Долго Фифли лежал в зябком оцепенении, не имея воли отвести взгляд от красного глубокого провала в стене, позабыв, зачем он пришел сюда. Он начал понемногу замерзать, когда сверху упал ком снега, испугал его. Фифли вскочил, припомнил то, что было обдумано им, решено заранее: надо протоптать тропу от логова человека к логову медведя. У собаки — знал Фифли — хороший нюх, утром она станет на свежий след и приведет своего двуногого хозяина к Хозяину леса.
Всю ночь Фифли бегал от жилища человека к берлоге медведя, пробил в тонком снегу тропку до самой земли, обломал кое-где ветки, натрусил своей шерсти. Перед тем как спрятаться в нору он, поднатужившись, крикнул сороке, дремавшей на сосне в ожидании новостей:
— Человек убьет медведя! Я приказал человеку!
Фифли сразу уснул, но спал настороженно, ловя звуки, шорохи. В глубине леса возник частый, задыхающийся лай собаки, раздался выстрел, хриплый рев поколебал землю, еще выстрел. И — ледяная тишина. Фифли зарылся в сухую траву, прикрыл лапами уши, уснул — как умер. Очнулся он через сутки, выглянул из норы, чтобы посмотреть погоду, и сразу услышал:
— Мудрый, великий Фифли победил Хозяина! Фифли самый сильный на земле! Слава нашему Фифли!
Сороки, сойки, вороны и всякая другая птичья мелочь черными тучами носились над лесом, дико выкрикивали эти слова. Поляна была истоптана звериными следами, а у самой норы Фифли обнаружил кедровые орехи, мороженые ягоды, сухие грибы.

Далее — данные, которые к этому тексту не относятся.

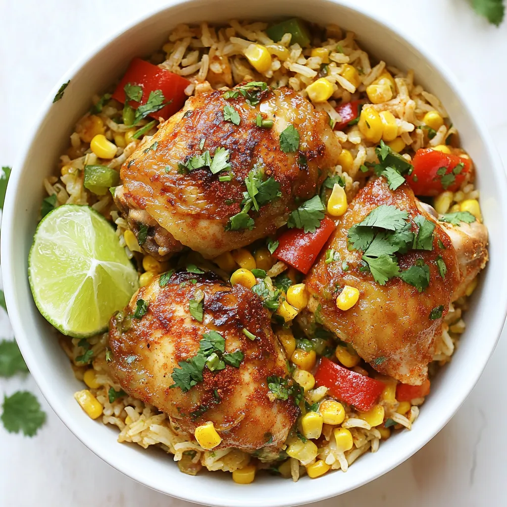 - 1 lb boneless, skinless chicken thighs, diced - 1 cup brown rice, rinsed - 2 cups chicken broth - 1 cup salsa verde - 1 cup corn kernels (fresh or frozen) - 1 red bell pepper, diced - 1 small onion, chopped - 2 cloves garlic, minced These main ingredients create a hearty base for your dish. The chicken thighs add rich flavor and tenderness. Rinsing the brown rice helps remove excess starch, leading to a better texture. Salsa verde brings a zesty kick that ties everything together. - 1 teaspoon cumin - 1 teaspoon chili powder - ½ teaspoon salt - ½ teaspoon pepper - 2 tablespoons olive oil These seasonings add depth to the dish. Cumin gives a warm, earthy tone, while chili powder adds a nice heat. The olive oil not only helps cook the chicken but also enhances the flavors of the other ingredients. - Fresh cilantro, chopped - 1 lime, cut into wedges Garnishing with cilantro adds a fresh, bright note. Lime wedges provide a zesty pop when squeezed over the dish. These garnishes enhance the flavor and make your meal look beautiful. Enjoy your cooking! {{ingredient_image_1}} Start by heating 2 tablespoons of olive oil in a large skillet over medium heat. Dice 1 pound of boneless, skinless chicken thighs into small pieces. This cut is juicy and perfect for our dish. Season the chicken with ½ teaspoon of salt, ½ teaspoon of pepper, 1 teaspoon of cumin, and 1 teaspoon of chili powder. Add the chicken to the hot skillet. Sauté for about 5 to 7 minutes, cooking until the chicken is browned and cooked through. Next, add 1 small chopped onion, 1 diced red bell pepper, and 2 minced garlic cloves to the skillet. Cook these for about 3 to 4 minutes until the veggies soften and smell great. You want to mix all the flavors together. After that, pour in 1 cup of rinsed brown rice. Stir well so the rice gets coated with the chicken and veggies. This step adds a nice texture to the dish. Now, pour in 2 cups of chicken broth and 1 cup of salsa verde. Stir everything well. Bring the mix to a boil. Once it boils, reduce the heat to low and cover the skillet. Let it simmer for about 30 minutes or until the rice is tender and absorbs most of the liquid. After 30 minutes, add 1 cup of corn kernels, stirring gently to combine. Cover and let it cook for another 5 minutes. Finally, remove from heat and let it sit for a couple of minutes. Fluff the rice with a fork, and garnish with fresh chopped cilantro. Serve with lime wedges for a zesty touch. Enjoy your hearty meal! To get tender chicken, use boneless, skinless thighs. They stay juicy and cook fast. When you season the chicken, use salt, pepper, cumin, and chili powder. Cook on medium heat. Sauté the chicken for about 5 to 7 minutes. Make sure it's browned and cooked through. This helps lock in moisture. For the best rice, rinse brown rice before using it. Rinsing removes extra starch. This helps the rice cook evenly. When adding the rice to the skillet, stir it well with the chicken and veggies. Pour in chicken broth and salsa verde. Bring it to a boil, then lower the heat. Cover the skillet, and let it simmer for about 30 minutes. This lets the rice absorb all the flavors. You can enhance the dish by adding more spices. Try adding garlic powder or onion powder for extra taste. A dash of smoked paprika adds a nice smoky flavor. If you like heat, add some cayenne pepper or red pepper flakes. Always taste as you go. Adjust spices to match your taste. Pro Tips Use Fresh Ingredients: Fresh chicken and vegetables enhance the flavor of your dish significantly. Whenever possible, opt for fresh produce for the best taste. Adjust Spice Levels: If you prefer a spicier dish, consider adding diced jalapeños or a pinch of cayenne pepper to the skillet along with the spices. Let It Rest: After cooking, let the skillet sit covered for a few minutes before serving. This allows the flavors to meld and the rice to finish cooking in the residual heat. Experiment with Toppings: Top your dish with avocado slices, crumbled queso fresco, or a dollop of sour cream for added richness and flavor. {{image_2}} You can switch proteins in this dish. Tofu is a great option for a plant-based meal. Use firm tofu, and press it to remove excess water. Cut it into cubes and sauté it just like the chicken. For beef lovers, try diced flank steak. Cook it until it’s brown, and follow the same steps for the chicken. Both options work well with the flavors of the salsa verde. To make this dish vegetarian or vegan, leave out the chicken and use vegetable broth. Replace the meat with beans, like black beans or chickpeas. They add protein and texture. You can also add extra spices for flavor depth. This way, you keep the dish hearty and satisfying without meat. Boost the nutrition in your Salsa Verde Chicken Rice Skillet by adding more veggies. Try adding spinach or kale for some greens. You can also toss in zucchini or carrots for added color and taste. Just chop them up and add them with the other veggies. Cooking them makes them soft and yummy. Extra veggies not only add nutrients but also make the dish more vibrant and appealing. You can store leftovers in an airtight container. Make sure to cool the dish first. It stays fresh for up to three days. Label the container with the date. This helps you keep track of freshness. To freeze, let the dish cool completely. Then, use a freezer-safe container. It is best to portion the meal for easy reheating. The Salsa Verde Chicken Rice Skillet can last up to three months in the freezer. To reheat, you can use the microwave or stovetop. If using a microwave, heat in short bursts. Stir in between to avoid hot spots. If on the stovetop, add a splash of broth to keep it moist. Cook over low heat until warm. Enjoy your meal! Yes, you can use white rice instead of brown rice. White rice cooks faster than brown rice. If you choose white rice, reduce the cooking time. You may need about 20 minutes instead of 30. Ensure the rice is tender and absorbs the liqu

Скоро наступила зима, завьюжила троны, заледенила ручей, усыпила деревья. Трудно стало птицам и зверям добывать пищу; лес притих, чутко прислушиваясь к своей дрёме, лишь клесты суетливо расклевывали сосновые шишки, осыпая шелухой сугробы. Но Фифли жилось легко. Все так же у своей норы он находил еду, и незачем было ему грызть горькую таловую кору. Он растолстел, едва помещался в норе, хотя гулял много, даже в лунные ночи: какие-то звери протаптывали ему тропки, охраняли поляну, сидя в кустах. А когда ему надоела зима, захотелось зеленой травки, он сказал зябнувшим на еловых ветках галкам: «Оповестите всех — будет весна!» Галки понесли над лесом радостную весть, и весна наступила.

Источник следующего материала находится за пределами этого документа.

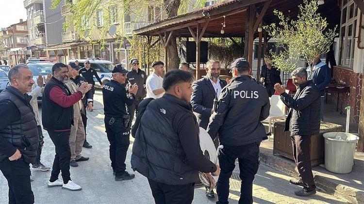 Kavga ihbarına giden polisler Türk bayrağı ve çiçeklerle karşılandı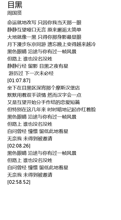 | [00:53.57] | 静静行经 留影 目黑之夜有星 |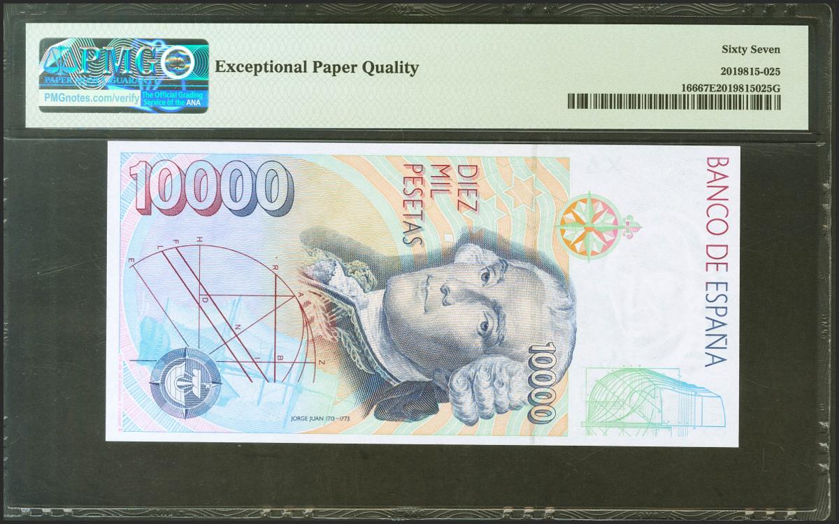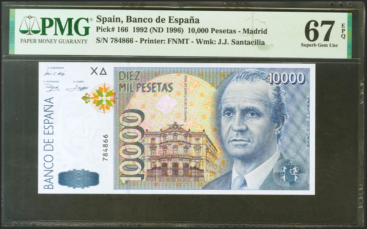 10000 Pesetas. 12 de Octubre de 1992. Sin serie. (Edifil 2021: 485, Pick: 166). Apresto original. SC. Encapsulado PMG67EPQ.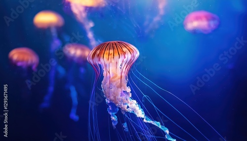 Fototapeta premium Swimming Scyphoid Jellyfish in a BokehFilled Ocean, Glowing Tentacles...

Незабываемая для Фифли весна.
Погожим ранним утром к поляне пришли все крупные и мелкие жители леса, прилетели птицы. Толпа зверей и пернатых заняла пространство от ручья до болота, от горы до оврага. На каждом пеньке, любой ветке, сырой кочке кто-нибудь сидел или стоял. Но было тихо, молчали даже сороки. И в этой тишине почти воздушными шагами к норе Фифли приблизились старый медведь и седой волк. В знак покорности и почтения они подогнули передние лапы, преклонили головы. Послышался негромкий басок медведя:
— Великий Фифли, прости и пожалей нас. Мы признаем твою власть, будем покорны тебе.

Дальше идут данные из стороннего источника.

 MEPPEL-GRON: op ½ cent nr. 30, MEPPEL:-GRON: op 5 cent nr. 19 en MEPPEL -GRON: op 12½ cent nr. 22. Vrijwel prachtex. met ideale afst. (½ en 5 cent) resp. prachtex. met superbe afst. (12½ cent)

Волк проскулил по-собачьи:
— Мудрый Фифли, мы хотим пригласить тебя в лучшее место, на лучшую поляну. Мы построили для тебя жилье. Не откажи нам, Владыка.
Ничего такого Фифли, конечно, не ожидал и, по привычке, глубже спрятался в нору. Но звери не уходили. Фифли слышал тяжкое дыхание медведя, сопение волка, пугал себя их клыками, жадностью к мясу и вдруг понял, что он не боится их. Они не тронут его, потому что сами испуганы.
— Покажись нам, о Фифли! — попросил медведь.
«Сейчас или никогда, — решил Фифли. — Они пришли, приползли, прилетели... Им нужен Владыка. И не беда, что я уродец. Они ослепли, увидят то, что захотят. — Фифли почистил коготками шерсть, умыл подушечками лап рыльце. — Мне надоела эта гнилая поляна. Я умнее их. Я не виноват, что они таким меня уродили».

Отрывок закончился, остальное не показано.